On ne s’habitue pas aux menaces de morts (carte blanche)

Fadila Maaroufi, une des fondatrices et directrice de l’Observatoire des fondamentalismes, raconte les mencaces dont elle a fait l’objet et dénonce: « Les islamistes veulent instaurer une théocratie et ils n’acceptent le jeu démocratique que dans la mesure où ils peuvent l’instrumentaliser en vue de la faire tomber. »

Ce lundi matin 5 juillet 2021, je me suis réveillée comme d’habitude, positive et avec le sourire.

J’ai allumé mon gsm. Il y avait des notifications Twitter. Plusieurs messages sont apparus, dont un provenant d’un destinataire inconnu.

J’ai cliqué sur la petite enveloppe bleue et j’ai lu le message. Au texte était joint une vidéo.

Ces quelques secondes de visionnage m’ont parues interminables tant l’horreur véhiculée par les images était insoutenable.

Il s’agissait d’exécutions par décapitation filmées au ralenti. Probablement des soldats de Daech.

J’ai tout de suite envoyé les liens à mon avocat pour un suivi. Ce n’est pas la première menace de mort que je reçois, mais celle-ci a quelque chose de particulier.

L’auteur a choisi ses mots avec soin, c’est très bien écrit et la vidéo provient d’un site ou moteur de recherche probablement difficile à trouver, à moins d’avoir des intentions malsaines.

J’avais déjà porté plainte à deux reprises par le passé. Mais le peu de suites et le manque de suivi m’avait tellement sidérée que j’avais abandonné l’idée-même d’aller porter plainte. Devoir me déplacer, endurer de longues heures d’attentes pour finalement me retrouver devant des policiers compatissants et désolés sachant les suites réservées à ce genre de dossier, me décourageait.

La plupart se sentent impuissants à cause du peu de moyens dont bénéficie leur service mais aussi à cause de leur difficulté à analyser et appréhender ce genre de menace.

Pourtant, malgré mon expérience, aujourd’hui je ne veux pas lâcher.

Il faut une réponse implacable à ce type de violence.

Lundi matin, mon avocat envoie donc un courrier au procureur.

Mardi, je me rends au commissariat pour porter plainte sur ses conseils.

Lorsque je me présente, un agent me demande la raison de ma présence. J’explique que j’ai reçue une menace de mort et que je veux porter plainte.

L’agent me répond qu’il faut prendre rendez-vous parce qu’il n’y a plus de place disponible aujourd’hui.

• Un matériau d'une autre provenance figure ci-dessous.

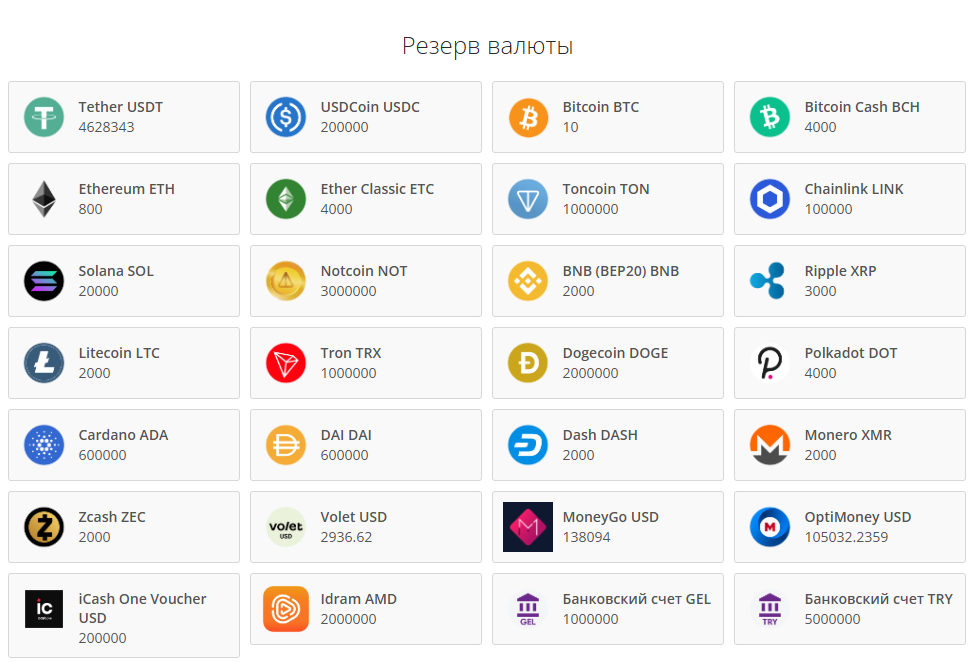 На сайте Майн Чейндж указано, что сервис обрабатывает более 5000 заявок ежедневно и активно используется на рынке СНГ. Также заявлены резервы по различным валютам, включая USDT, BTC, ETH и фиатные направления.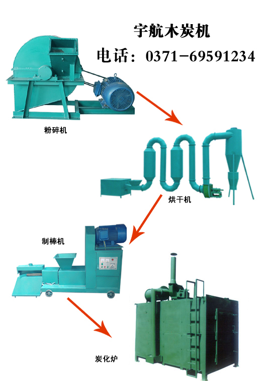 新型機(jī)制木炭機(jī)設(shè)備將樹枝、秸稈、稻草、花生殼、樹干、 棉花秸稈、 茶籽殼、果殼、 雜草、樹葉等含有可以生產(chǎn) 木炭的生物質(zhì)纖維的原料填入,經(jīng)粉碎機(jī)粉碎成10mm之內(nèi)的粉末,經(jīng)烘干機(jī)烘干使之含水份含量在12%以內(nèi),入制棒機(jī) 經(jīng)高溫,高壓使之成型(不加任何添加劑)后放入炭化爐進(jìn)行炭化,即成成品機(jī)制木炭。也可以將物料粉末直接使用連 續(xù)式

J’insiste en montrant la menace que j’ai reçue et la lettre de mon avocat adressée au procureur, expliquant que je risque une attaque potentielle.

Le policier en chef m’informe qu’en attendant, il va prendre mon numéro de téléphone afin que je sois prioritaire en cas d’appel d’urgence, auquel cas, une patrouille se dirigera à mon domicile.

Le rendez-vous est pris pour jeudi matin.

Du lundi 5 au jeudi 8 juillet, je vis avec cette menace de mort qui plane.

On a beau avoir l’habitude, on ne s’habitue pas.

Nous sommes seuls face à nos questions et à notre sécurité.

A ce désarroi s’ajoute d’autres questions: pourquoi n’y a-t-il pas une procédure claire et rapide pour ce genre de menace?

Il y a là un trou béant.

On affirme vouloir lutter contre l’islamisme et le djihadisme mais les réponses apportées sont loins d’être efficaces.

Je vois quels projets il faudrait mettre en place pour lutter efficacement mais cela n’intéresse pas la plupart de nos politiques trop occupés à faire du racolage électoral pour conserver leurs sièges.

Pourquoi les citoyens n’agissent pas ? Pourquoi les citoyens musulmans opposés à l’islamisme et au djihadisme ne se manifestent pas davantage ?

Je vous réponds ceci: ils constituent une majorité silencieuse et ils se taisent parce qu’ils savent qu’ils ne seront pas protégés.

Ils savent qu’il y aura des idiots utiles ou des cyniques qui prendront la défense de ces criminels.

Ils savent qu’aujourd’hui, si nous parlons, nous risquons de perdre tout : travail, amis, sécurité, sommeil, santé, soutiens…

Alors pourquoi continuer?

Pourquoi avoir commencé?

Parce que je sais que c’est ce qu’il faut faire.

Et je sais pertinemment que ne rien faire mène au même résultat: tout perdre, mais un peu plus tard.

Les islamistes ne nous lâcheront pas, ils veulent notre aliénation, notre soumission à leur projet totalitaire et ultra violent.

Je refuse la soumission.

Les idiots utiles sont en réalité des lâches qui pensent pouvoir négocier la paix avec les islamistes ainsi que leur petite place au soleil en échange de leur complaisance. Ils se mettent le doigt dans l’oeil.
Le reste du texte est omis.